Global Finance sat down with Ommeed Sathe, vice president and head of impact investing at Newark, New Jersey-based insurer Prudential Financial, to discuss how corporate social responsibility and profitable investing can go hand in hand.

Author: Udayan Gupta
Ommeed Sathe, vice president and head of impact investing at Newark, New Jersey-based insurer Prudential Financial,

Global Finance: Prudential, which has over a trillion dollars in assets under management, has been increasingly active in impact investing. You’ve said the results are promising (5%–6% average annual return). What is your strategy and organization?

Ommeed Sathe: My division, impact investments, is part of Prudential’s Office of Corporate Social Responsibility. It houses an investment function, a philanthropic function and an employee volunteer function. We’re relatively unique because we have all three under one roof. Impact investment at Prudential has been around for some time. The program was formalized in 1976, and at that time it was small. We started investing about $50 million a year but began ramping up around 2010. We expect to build up a $1 billion impact portfolio by 2020. 

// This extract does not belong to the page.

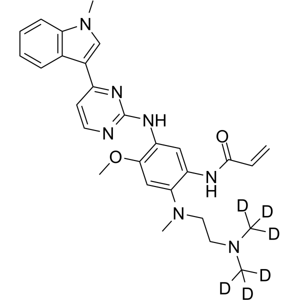 | 生物活性 | Osimertinib-d6 is a deuterium labeled osimertinib. Osimertinib is a covalent, orally active, irreversible, and mutant-selective EGFR inhibitor with an apparent IC50 of 12 nM against L858R and 1 nM against L858R/T790M. Osimertinib overcomes T790M-mediated resistance to EGFR inhibitors in lung cancer. | ||||||||||||||||||||||||||||||||

GF: What’s the distinction between socially responsible investing (SRI) and impact investing?

Sathe: Socially responsible investing in my mind includes instruments like green bonds, ESG (environmental, social and governance) bonds. They are most of what you’ll see on the BlackRock platform (BlackRock Impact), which means they are public instruments, public bonds, etc. Typically, they are subsets of whatever exists in the marketplace. They are negatively screened: That means you take an existing product, screen out something that’s not green, and you are left with something green. Impact investing is slightly different. It’s actively seeking out opportunities that both have social impact and can be profit-making. Most of what we invest in is private—private equity, private debt, venture capital. And, unlike [with] screened products, we are going out and finding those investments. In many cases, we’re investing in businesses that wouldn’t have existed otherwise. Most of what you see in financial services is people finding investments. We are actually making them. It can mean investing in an entrepreneur. Often, we find an entrepreneur [we like] and bring others along—investors, academics, regulators—to develop the initiative.

GF: What’s the scale of SRI versus impact investing?

Sathe: Both are very, very small. If you make SRI big enough so it includes clean energy, then it looks bigger. Some people even call small-business lending part of SRI. By contrast, impact investing is much smaller but growing rapidly. The teams also are different. An SRI team is composed of fixed-income managers. Our team is composed of venture capital types, investment professionals.

GF: How would you describe the financial returns? 

Sathe: We are often looking at areas that are heavily regulated, where conventional capital won’t go: charter schools, access to healthcare, lending sectors where borrowers don’t know where to turn. Many of these areas have a great deal of overlap with areas where there is maximum social impact. If you choose to go there, though, you’ll find that the investments will be in line with or outperform mainstream investments. Prudential has earned strong returns by being the first to invest in products like affordable housing that eventually crossed into the mainstream.